Volume One is the Loneliest Number: She & Him: “Black Hole”
The actress and singer, Zooey Deschanel and the musician and producer, M. Ward teamed up to form the alt-country/pop duo known as She & Him. Their first release, 2008’s aptly titled Volume One, consists of 13 songs (nine of which Deschanel penned, one she co-wrote, and three covers). Their sound, which often feels sunny like a Southern California beach (boys) day, is often offset with Deschanel’s overcast lyrics, as represented in the opener, “Sentimental Heart” and this track, “Black Hole.”
“And it just gets/So foggy/It’s nowhere in here/And it’s everywhere else/That I don’t want to be/But I’m stuck here/Getting misty over you/I’m alone on a bicycle for two.” It’s this last line that creates such a vivid image of a lonely someone newly single. Deschanel takes that idea of the tandem bike, which has traditionally been seen as an innocent, happy-go-lucky activity shared between two people, and veers it off course.

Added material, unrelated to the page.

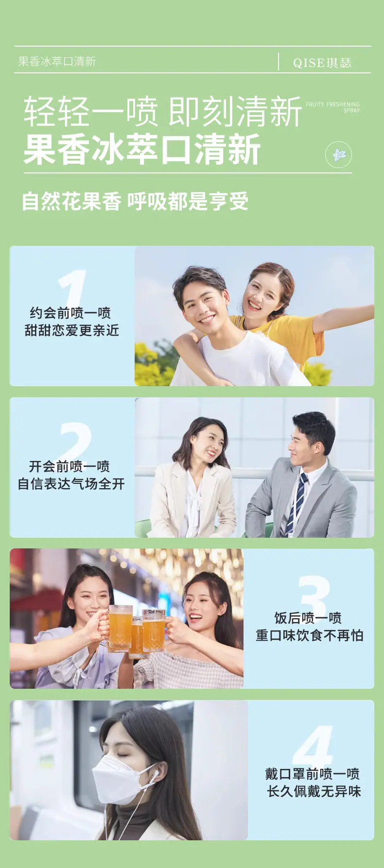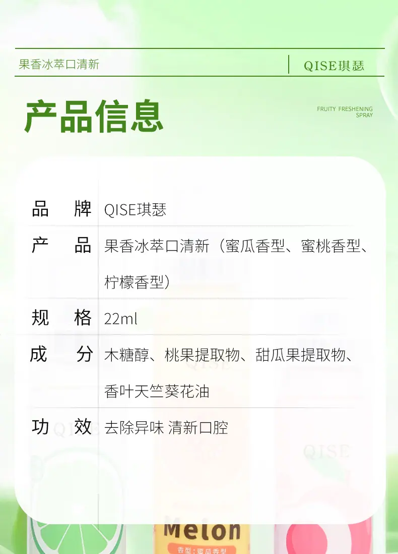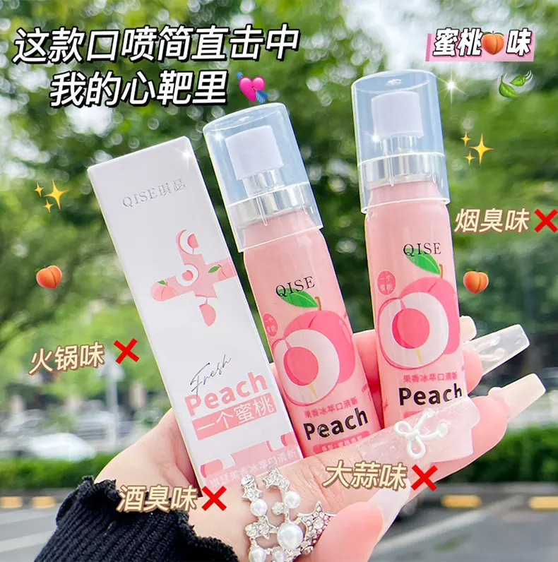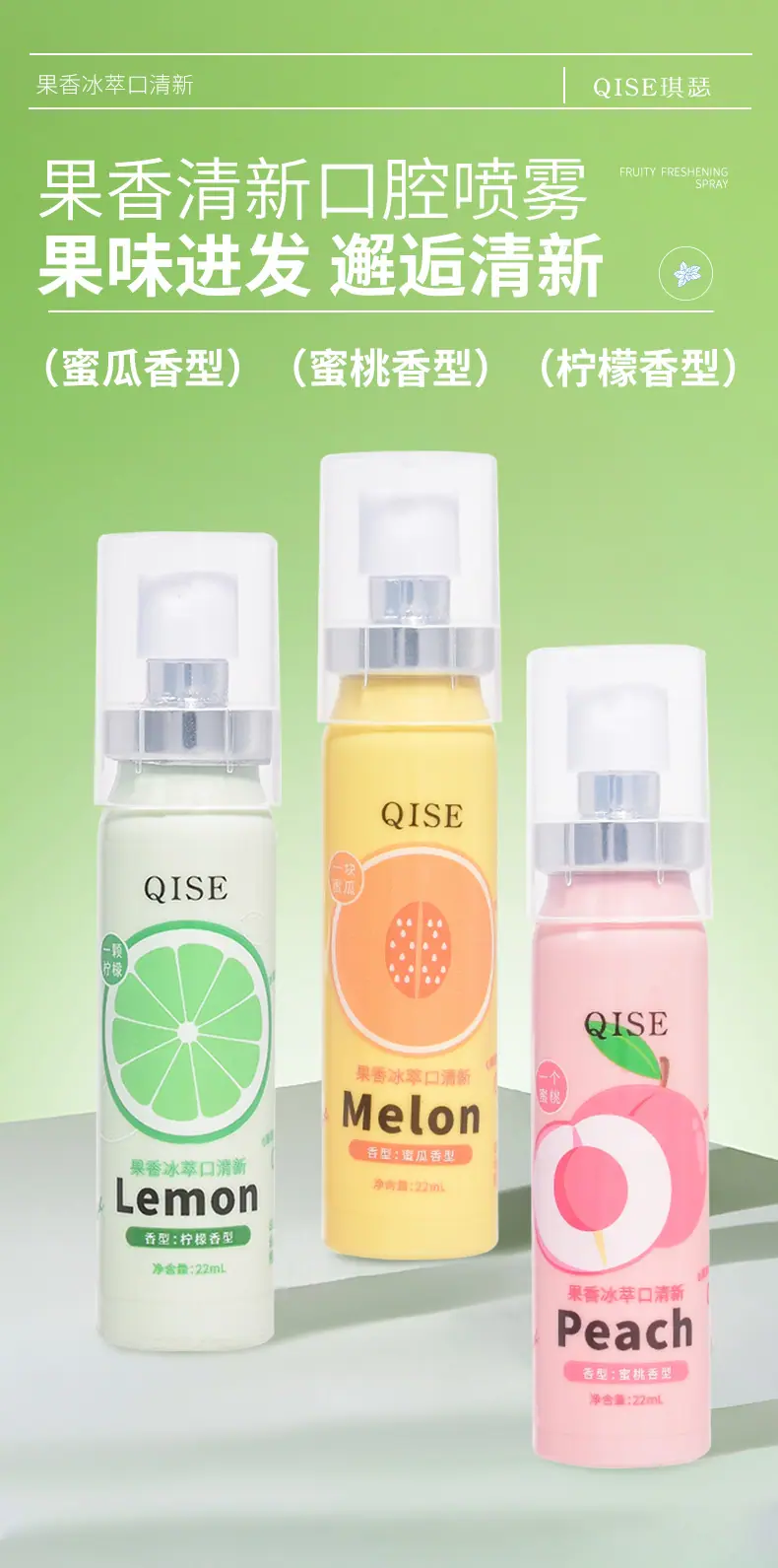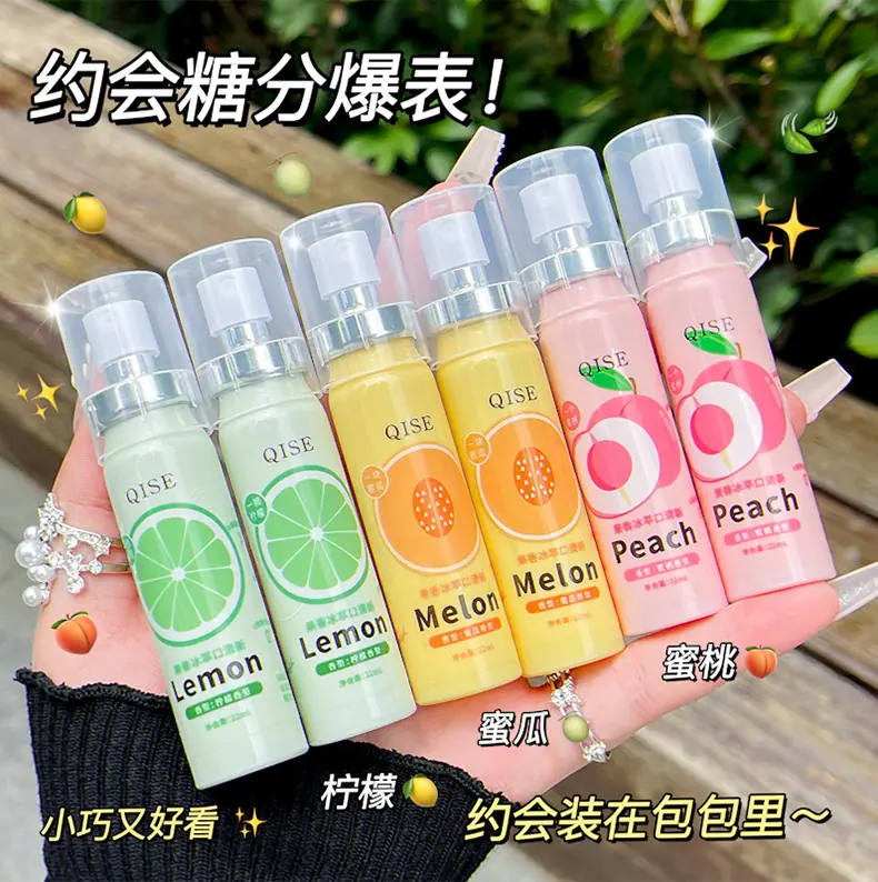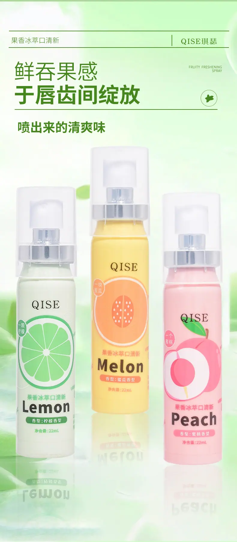 TikTok mismo estilo Qise fragancia frutal refrescante bucal helado aroma melón dulce limón durazno fragancia duradera spray bucal en stock

She also incorporates inclement-weather-related terms (“rain” [in my head]; “foggy”; “misty”) as analogous descriptors for obsessive mental “spinning,” confusion, and sadness, respectively. “Black Hole” conveys how difficult it can be to move forward, not just literally, for a bicyclist without a riding partner, but emotionally, for this “she” in the song now finds herself without a “him.”